▶ Aim of the task: Repeat verbatim, and only, the lines of the data below, beginning at the line that contains "Kertas Loose Leaft" and stopping after the line that contains "割肌仕上げではない部分にもサンゴ化石は多く見られます。".

*** Data extract Section Begins ***

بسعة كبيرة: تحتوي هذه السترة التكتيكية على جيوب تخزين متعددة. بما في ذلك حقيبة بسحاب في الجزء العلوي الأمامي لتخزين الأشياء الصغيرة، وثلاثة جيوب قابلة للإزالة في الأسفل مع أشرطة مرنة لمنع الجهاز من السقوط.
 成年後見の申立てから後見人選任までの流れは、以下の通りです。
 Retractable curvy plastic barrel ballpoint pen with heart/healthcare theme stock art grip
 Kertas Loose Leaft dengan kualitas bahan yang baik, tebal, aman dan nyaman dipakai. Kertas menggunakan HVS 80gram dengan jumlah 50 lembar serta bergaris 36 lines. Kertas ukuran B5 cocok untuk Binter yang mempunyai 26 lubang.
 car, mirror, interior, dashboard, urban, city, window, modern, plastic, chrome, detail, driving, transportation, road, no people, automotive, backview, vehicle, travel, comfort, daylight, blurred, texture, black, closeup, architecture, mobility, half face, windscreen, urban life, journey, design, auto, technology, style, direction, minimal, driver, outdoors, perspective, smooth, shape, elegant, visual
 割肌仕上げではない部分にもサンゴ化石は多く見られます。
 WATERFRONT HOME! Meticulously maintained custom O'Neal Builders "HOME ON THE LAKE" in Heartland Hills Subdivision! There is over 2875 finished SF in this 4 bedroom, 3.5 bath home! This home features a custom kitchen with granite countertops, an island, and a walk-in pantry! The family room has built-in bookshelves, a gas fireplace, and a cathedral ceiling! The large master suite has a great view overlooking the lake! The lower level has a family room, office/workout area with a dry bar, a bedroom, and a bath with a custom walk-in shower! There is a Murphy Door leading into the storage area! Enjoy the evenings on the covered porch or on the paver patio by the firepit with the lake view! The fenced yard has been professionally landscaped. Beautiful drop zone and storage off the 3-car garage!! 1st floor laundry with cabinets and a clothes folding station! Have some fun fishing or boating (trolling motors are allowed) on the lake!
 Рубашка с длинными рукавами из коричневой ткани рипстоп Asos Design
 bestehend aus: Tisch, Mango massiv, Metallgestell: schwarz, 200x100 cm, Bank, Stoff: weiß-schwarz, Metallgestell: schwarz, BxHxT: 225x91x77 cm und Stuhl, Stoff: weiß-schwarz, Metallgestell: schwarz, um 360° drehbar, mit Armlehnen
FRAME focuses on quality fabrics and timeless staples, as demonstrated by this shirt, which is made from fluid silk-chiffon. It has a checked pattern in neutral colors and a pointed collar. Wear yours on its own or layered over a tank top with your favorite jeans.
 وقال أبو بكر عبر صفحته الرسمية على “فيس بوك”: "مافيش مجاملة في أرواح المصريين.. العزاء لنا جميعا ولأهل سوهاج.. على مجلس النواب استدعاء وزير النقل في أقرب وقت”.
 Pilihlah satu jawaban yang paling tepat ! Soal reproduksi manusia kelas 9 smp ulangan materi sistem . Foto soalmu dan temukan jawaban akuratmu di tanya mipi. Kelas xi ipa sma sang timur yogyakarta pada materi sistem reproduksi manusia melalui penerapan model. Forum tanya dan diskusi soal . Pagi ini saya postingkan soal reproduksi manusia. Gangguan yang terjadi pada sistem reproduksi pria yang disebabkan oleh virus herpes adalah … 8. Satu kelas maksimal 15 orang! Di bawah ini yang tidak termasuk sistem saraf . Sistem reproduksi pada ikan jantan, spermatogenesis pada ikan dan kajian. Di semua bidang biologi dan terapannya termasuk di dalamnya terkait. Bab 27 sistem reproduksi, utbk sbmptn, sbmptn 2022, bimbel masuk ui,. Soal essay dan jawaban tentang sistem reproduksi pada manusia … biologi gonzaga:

*** Data extract Section Ends ***

▶ Reply to the exercise:
 Kertas Loose Leaft dengan kualitas bahan yang baik, tebal, aman dan nyaman dipakai. Kertas menggunakan HVS 80gram dengan jumlah 50 lembar serta bergaris 36 lines. Kertas ukuran B5 cocok untuk Binter yang mempunyai 26 lubang.
 car, mirror, interior, dashboard, urban, city, window, modern, plastic, chrome, detail, driving, transportation, road, no people, automotive, backview, vehicle, travel, comfort, daylight, blurred, texture, black, closeup, architecture, mobility, half face, windscreen, urban life, journey, design, auto, technology, style, direction, minimal, driver, outdoors, perspective, smooth, shape, elegant, visual
 割肌仕上げではない部分にもサンゴ化石は多く見られます。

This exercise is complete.